Calcium and Phosphorus

Median serum total calcium concentration was 10.8 mg/dL (range, 8.1–13.0 mg/dL). It was within reference range (9.3–11.6 mg/dL) for 31 CKD dogs, low in 1 dog, and high in 5 dogs. Median serum ionized calcium concentration was 5.31 mg/dL (range, 4.03–6.02 mg/dL). Serum ionized calcium concentrations were within reference range (4.9–5.8 mg/dL) in 32 CKD dogs, low in 4 dogs and high in 1 dog.

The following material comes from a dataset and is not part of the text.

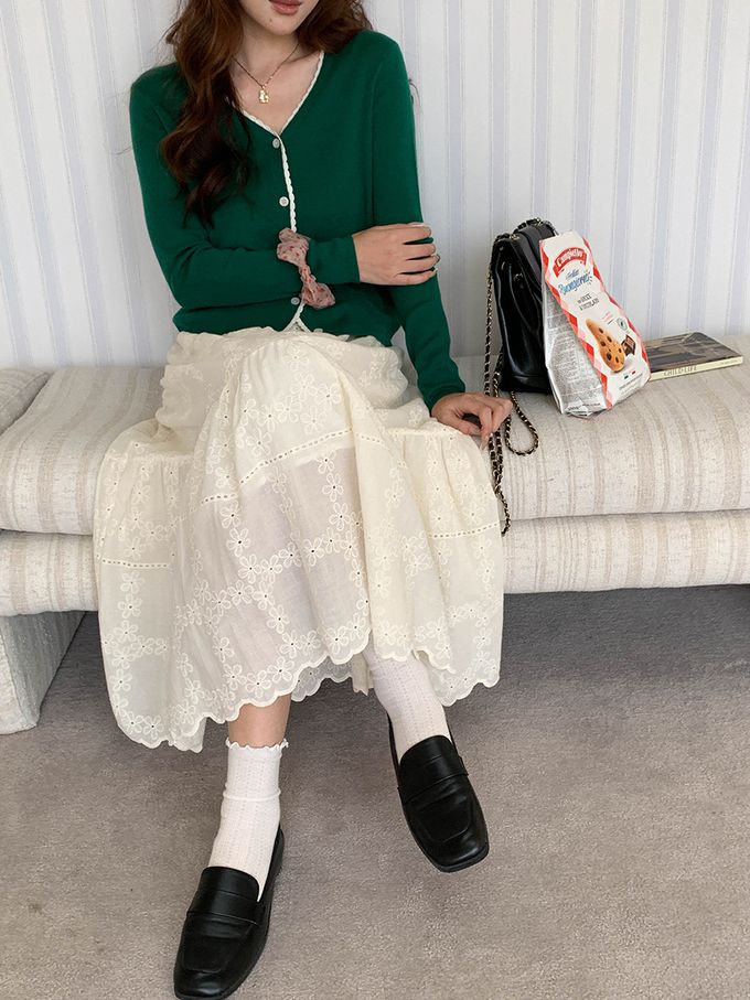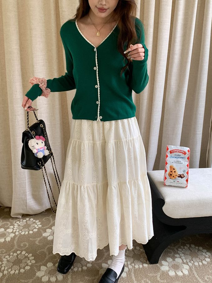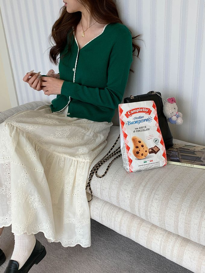 • v領設計x撞色鈎花,穿著更顯氣質
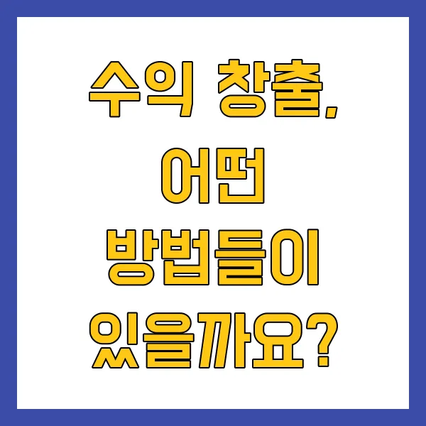 수익 창출, 어떤 방법들이 있을까요? 💰

Median serum phosphorus concentration in CKD dogs was 4.3 mg/dL (range, 1.6–14.4 mg/dL). A recent expert panel suggested that maintenance of serum phosphate concentrations within the following ranges is optimal management for dogs with CKD: 2.5–4.5 mg/dL for dogs with stages 1 and 2 CKD, 2.5–5.0 mg/dL for stage 3, and 2.5–6.0 mg/dL for stage 4.5 Based on these recommendations, 3 of 10 stage 1 CKD dogs were hypophosphatemic and 7 of 10 were normophosphatemic. Of stage 2 CKD dogs, 1 of 9 was hypophosphatemic, 6 of 9 were normophosphatemic, and 2 of 9 were hyperphosphatemic. Of stage 3 CKD dogs, 7 of 12 were normophosphatemic, and 5 of 12 were hyperphosphatemic. Of stage 4 CKD dogs, 1 of 6 was normophosphatemic and 5 of 6 were hyperphosphatemic.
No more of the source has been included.